** The input **

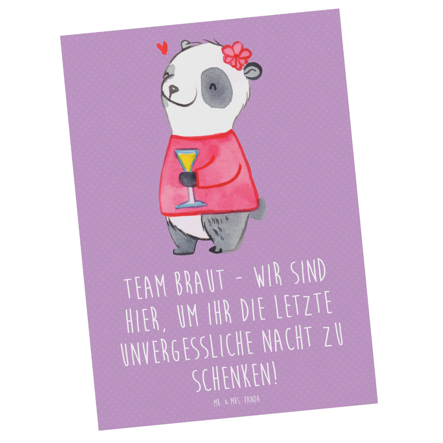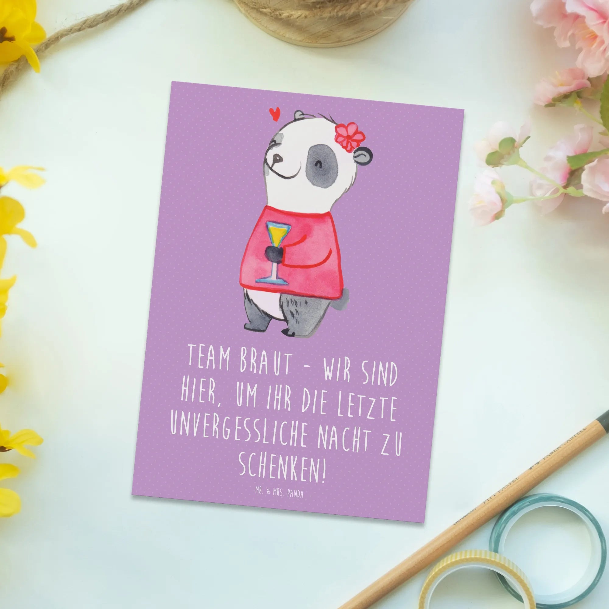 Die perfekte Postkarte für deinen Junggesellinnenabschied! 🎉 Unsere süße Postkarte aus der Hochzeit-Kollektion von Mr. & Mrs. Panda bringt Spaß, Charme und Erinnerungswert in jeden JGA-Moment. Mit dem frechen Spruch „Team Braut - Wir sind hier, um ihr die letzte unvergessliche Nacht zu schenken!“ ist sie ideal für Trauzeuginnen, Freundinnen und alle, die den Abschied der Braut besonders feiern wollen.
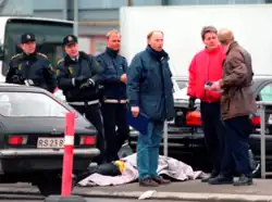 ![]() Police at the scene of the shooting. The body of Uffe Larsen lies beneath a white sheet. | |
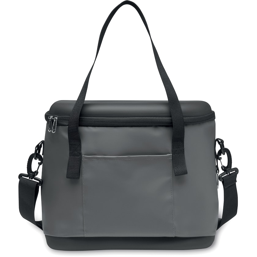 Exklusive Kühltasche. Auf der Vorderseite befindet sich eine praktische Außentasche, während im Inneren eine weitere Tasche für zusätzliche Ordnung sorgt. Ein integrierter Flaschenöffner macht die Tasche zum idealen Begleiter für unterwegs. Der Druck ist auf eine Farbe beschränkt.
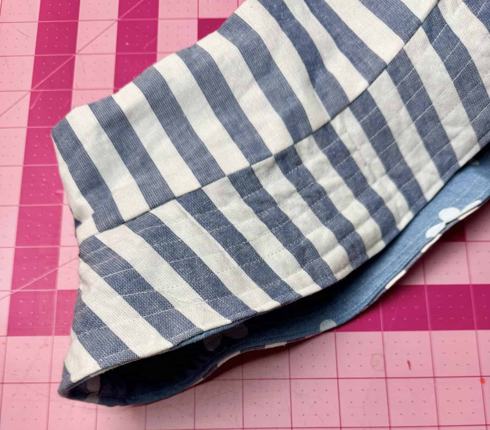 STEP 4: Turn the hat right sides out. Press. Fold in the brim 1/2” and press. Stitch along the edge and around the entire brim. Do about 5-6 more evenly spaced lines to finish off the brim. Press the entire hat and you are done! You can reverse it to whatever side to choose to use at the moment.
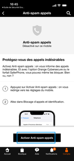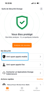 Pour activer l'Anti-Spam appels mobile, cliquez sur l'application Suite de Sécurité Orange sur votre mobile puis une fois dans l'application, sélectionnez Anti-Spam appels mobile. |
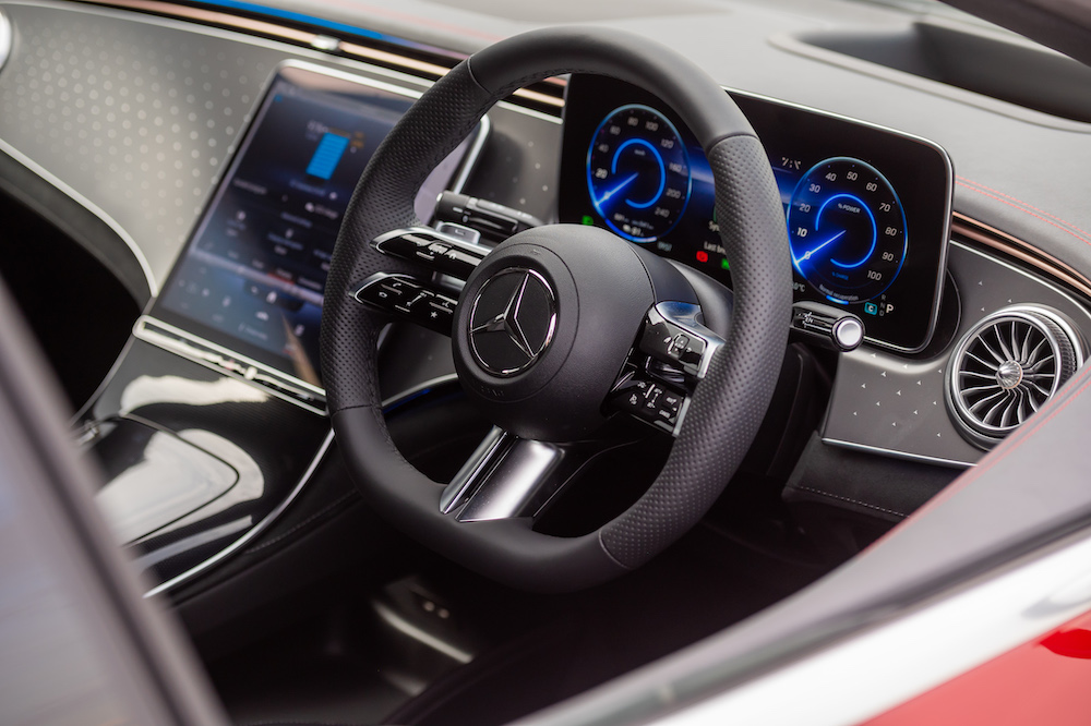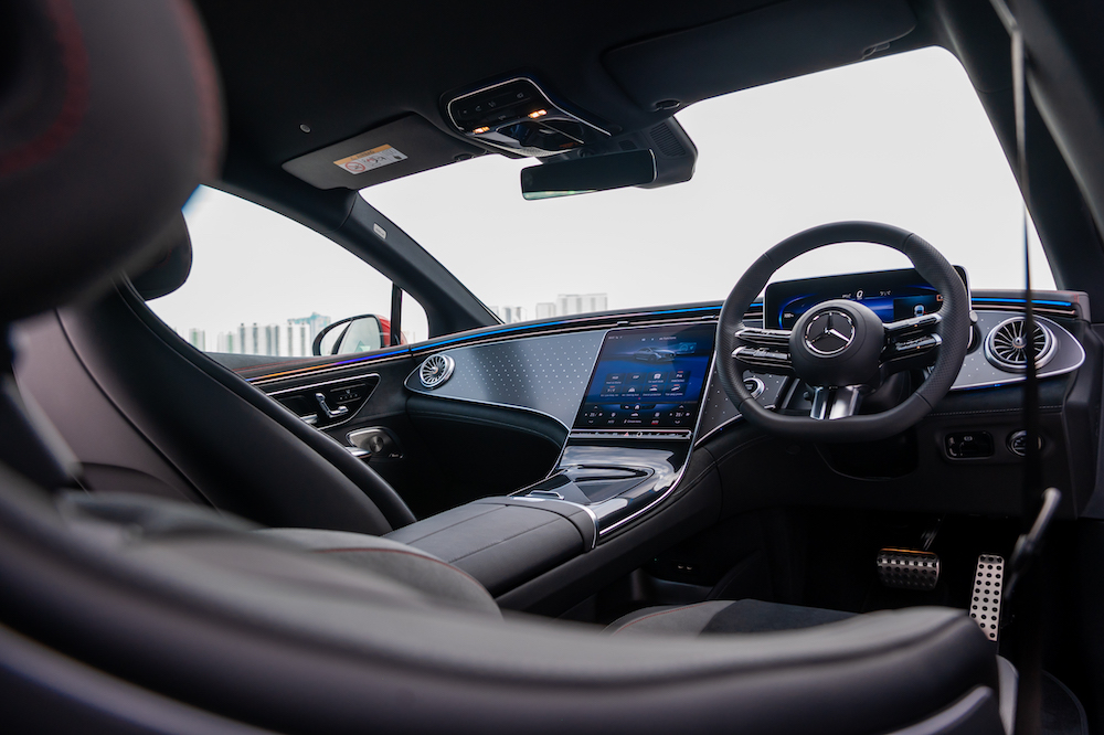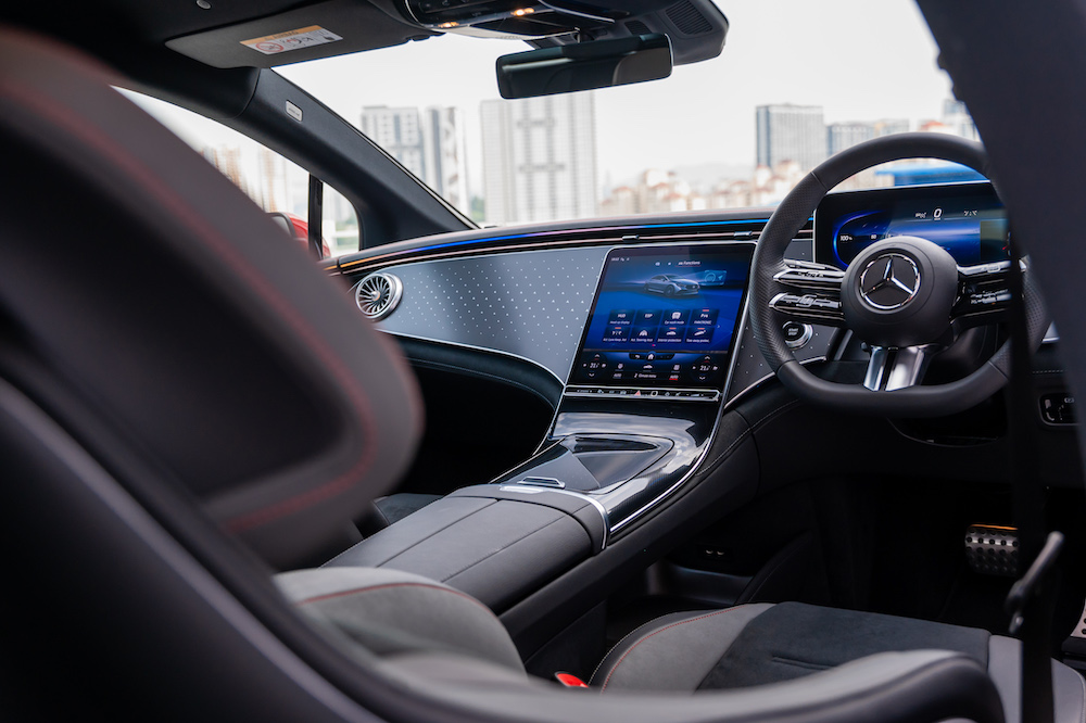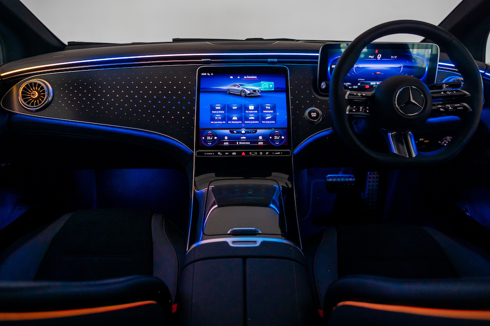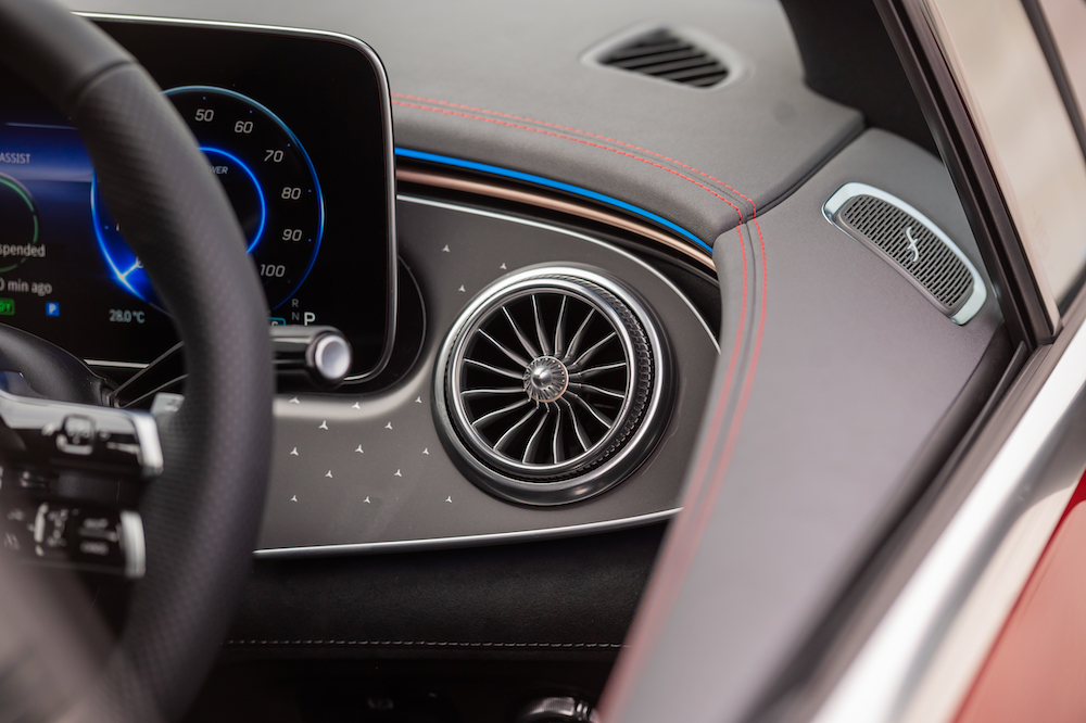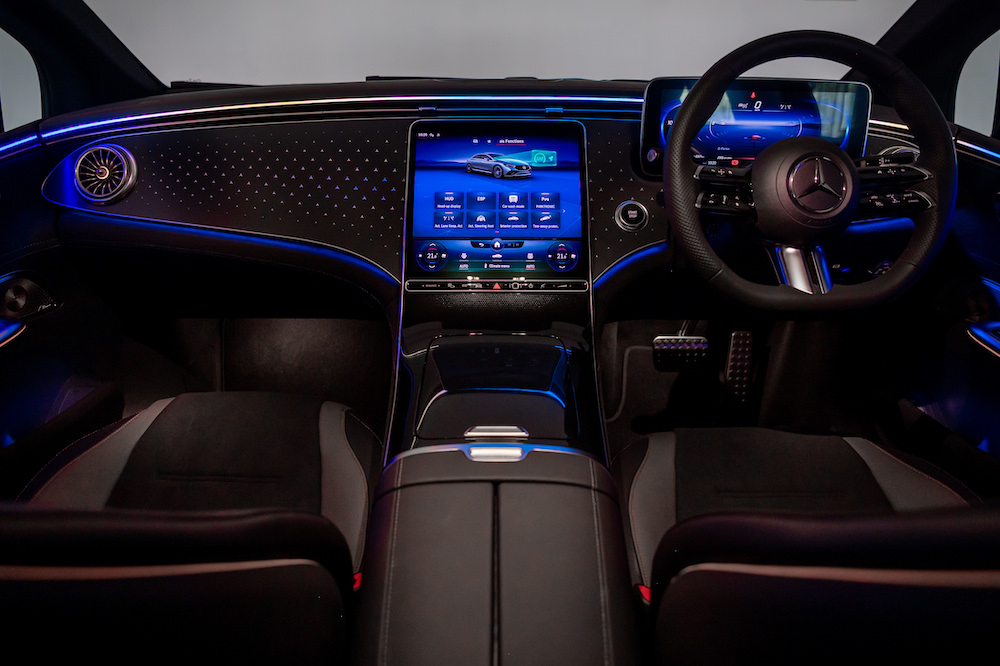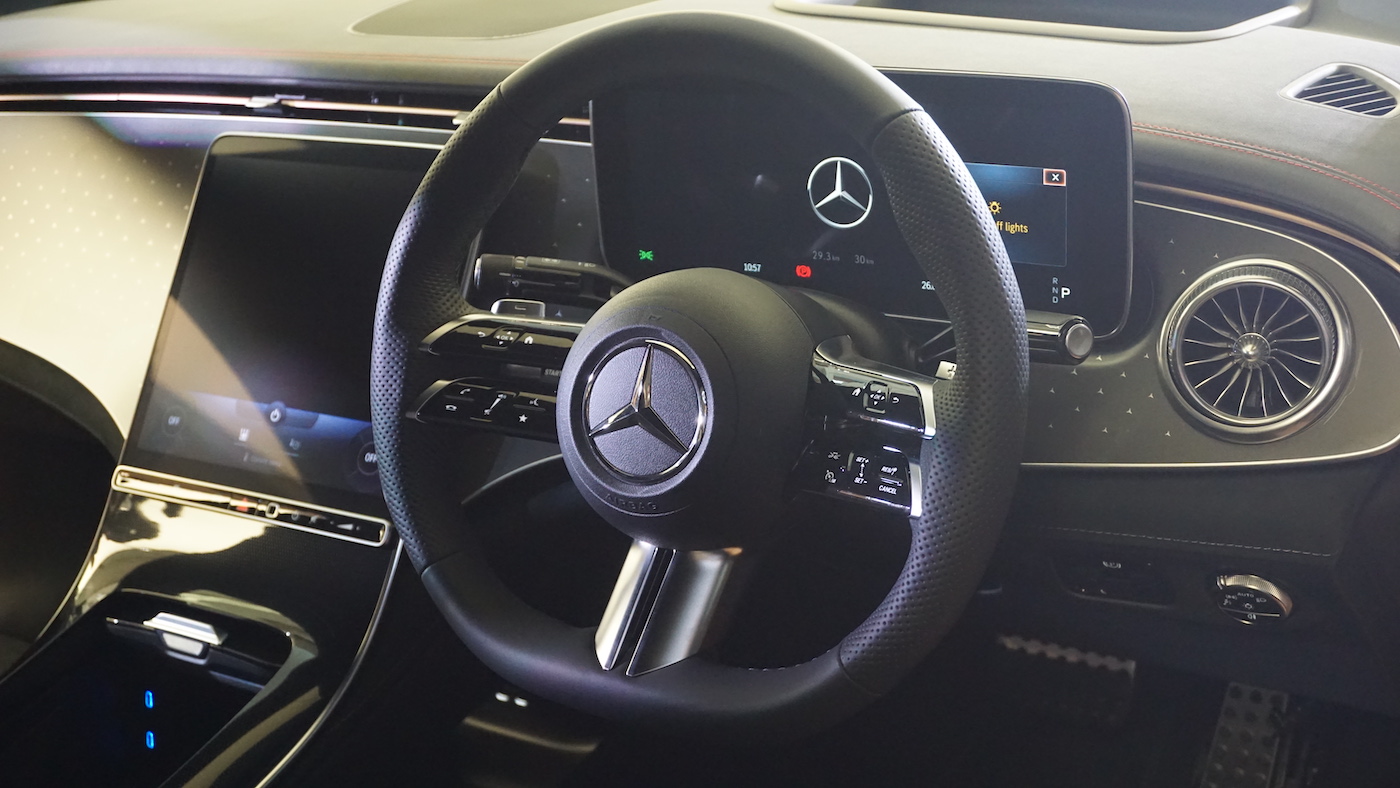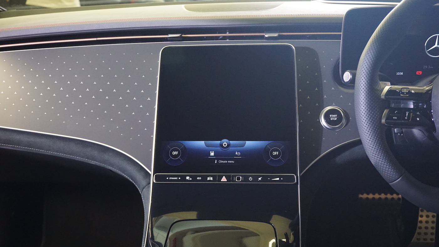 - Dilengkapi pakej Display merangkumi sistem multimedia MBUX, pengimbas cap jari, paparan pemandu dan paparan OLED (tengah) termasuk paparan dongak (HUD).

** Task to complete **
Give the material above again exactly as it stands, minus any images.

** Answer below **
 Die perfekte Postkarte für deinen Junggesellinnenabschied! 🎉 Unsere süße Postkarte aus der Hochzeit-Kollektion von Mr. & Mrs. Panda bringt Spaß, Charme und Erinnerungswert in jeden JGA-Moment. Mit dem frechen Spruch „Team Braut - Wir sind hier, um ihr die letzte unvergessliche Nacht zu schenken!“ ist sie ideal für Trauzeuginnen, Freundinnen und alle, die den Abschied der Braut besonders feiern wollen.
 ![]() Police at the scene of the shooting. The body of Uffe Larsen lies beneath a white sheet. | |
 Exklusive Kühltasche. Auf der Vorderseite befindet sich eine praktische Außentasche, während im Inneren eine weitere Tasche für zusätzliche Ordnung sorgt. Ein integrierter Flaschenöffner macht die Tasche zum idealen Begleiter für unterwegs. Der Druck ist auf eine Farbe beschränkt.
 STEP 4: Turn the hat right sides out. Press. Fold in the brim 1/2” and press. Stitch along the edge and around the entire brim. Do about 5-6 more evenly spaced lines to finish off the brim. Press the entire hat and you are done! You can reverse it to whatever side to choose to use at the moment.
 Pour activer l'Anti-Spam appels mobile, cliquez sur l'application Suite de Sécurité Orange sur votre mobile puis une fois dans l'application, sélectionnez Anti-Spam appels mobile. |
 - Dilengkapi pakej Display merangkumi sistem multimedia MBUX, pengimbas cap jari, paparan pemandu dan paparan OLED (tengah) termasuk paparan dongak (HUD).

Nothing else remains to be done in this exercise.